J-Bro, I always wanted to get a better look at your Fujiwara's and that video does a great job of that. Thanks for sharing!


----------



## watercrawl (May 24, 2011)

Man I love those knives.


----------



## shankster (May 24, 2011)

watercrawl said:


> Man I love those knives.



Me too! Beautiful knives indeed.

Jon: What's the difference between this line and the Fujiwara san Denka no Hoto,besides the huge price difference?


----------



## Mattias504 (May 24, 2011)

I think those are in blue steel...


That's what I'm talkin about, Jon!! The video does a great job of giving an idea of those. Now I just have to get money....


----------



## tk59 (May 24, 2011)

You forgot to mention they are great for shaving, too. :tease:


----------



## stereo.pete (May 24, 2011)

Does Fujiwara have any wa-handled options?


----------



## Lefty (May 24, 2011)

After seeing this video, do you guys NOW get why I mentioned them to the "Shigi Scared"?


----------



## JohnnyChance (May 24, 2011)

Thanks for the video.
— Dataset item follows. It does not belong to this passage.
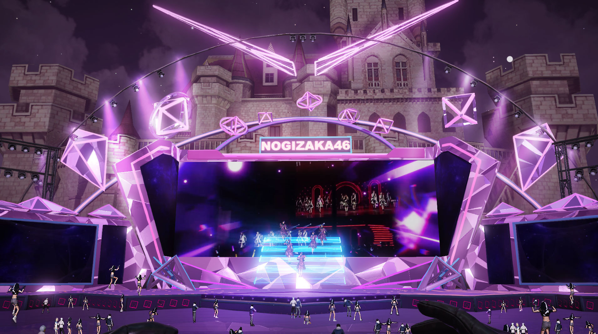 衣装チェンジしたアバターの彼女たちが、ボトムヘヴィなドラムとベースと、その上に乗るド派手なシンセや加工しまくった声ネタが耳に残る、このトランスナンバーを歌い踊るあいだ、特設フィールドは花火大会会場と化す。普通の地面に戻ったフロアの上空にはいくつもの花火が打ち上げられ、それに呼応したオーディエンスもロケット花火弾を打ち上げて、ステージ上の彼女たちを盛り上げる。また落ちサビ直前、アバターたちはステージ上に現れたクルマに乗り込み、下手からステージ袖へと消えたかと思えば、瞬く間に上手からステージへと現れる、これまたバーチャルならではの演出でオーディエンスの度肝を抜いてみせた。

I like the look of these. Any of these fitting in your suitcase for ECG?


----------



## JBroida (May 24, 2011)

shankster said:


> Me too! Beautiful knives indeed.
> 
> Jon: What's the difference between this line and the Fujiwara san Denka no Hoto,besides the huge price difference?


 
the steel and the style of the knife... Denka no Hoto is more time consuming to produce



stereo.pete said:


> Does Fujiwara have any wa-handled options?


yes he does. i am hoping to pick some up this year, but right now i have so many things on order it makes my head spin and my bank account hurt 

@Johnny.Chance I think i can fit one or two of these in my suitcase... anything in particular you want to see?


----------



## JohnnyChance (May 25, 2011)

Either the "line knife" suji or the small gyuto.


----------



## JBroida (May 25, 2011)

i will try to bring both if i can.


----------